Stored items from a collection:
[Start of section]

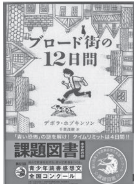
▲ブロード街の12日間
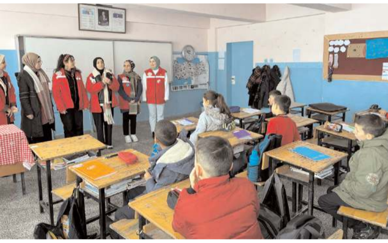
Gençler öğrencilerle biraraya geldiler.
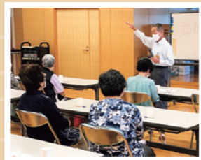
燦燦サロン 「理事長の楽しい授業」より
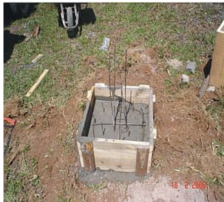
Figura 3 : Concretagem do Marco
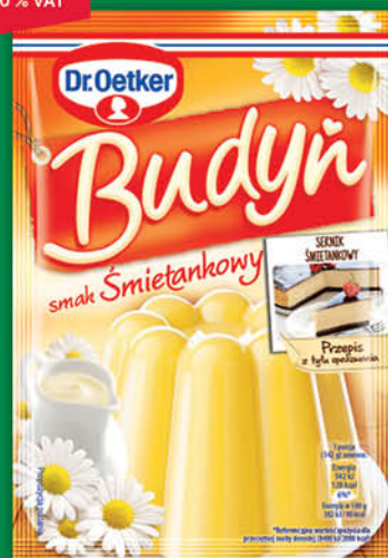
BUDYŃ DR. OETKER 40-45 g śmietankowy, waniliowy, czekoladowy
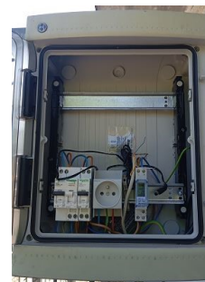
Coffret de commande de l'ombrière avec vol de matériel.
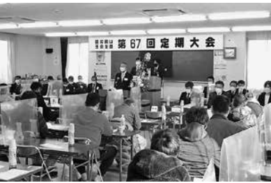
組合員のための組合を(西大寺)
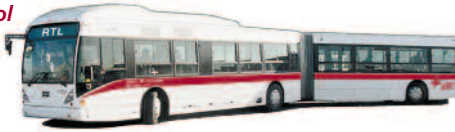
Van Hool AG300 depuis 2002

n.m. Au plan technique, c'est l'ensemble des véhicules d'une entreprise. Parc d'autobus d'un organisme de transport. Le parc du RTL comprend plus de 400 autobus de différents modèles: conventionnel , à plancher surbaissé et articulé . (À éviter: flotte d'autobus; ce terme s'applique aux navires et aux avions.)

[End of section]

WORK INSTRUCTIONS: From the records above, give again only the part that opens with the line containing "Figura 3 : Concretagem do Marco" and closes with the line containing "Van Hool AG300 depuis 2002". Keep both ends but drop the pictures.

SOLUTION TO THIS EXERCISE:
Figura 3 : Concretagem do Marco
BUDYŃ DR. OETKER 40-45 g śmietankowy, waniliowy, czekoladowy
Coffret de commande de l'ombrière avec vol de matériel.
組合員のための組合を(西大寺)
Van Hool AG300 depuis 2002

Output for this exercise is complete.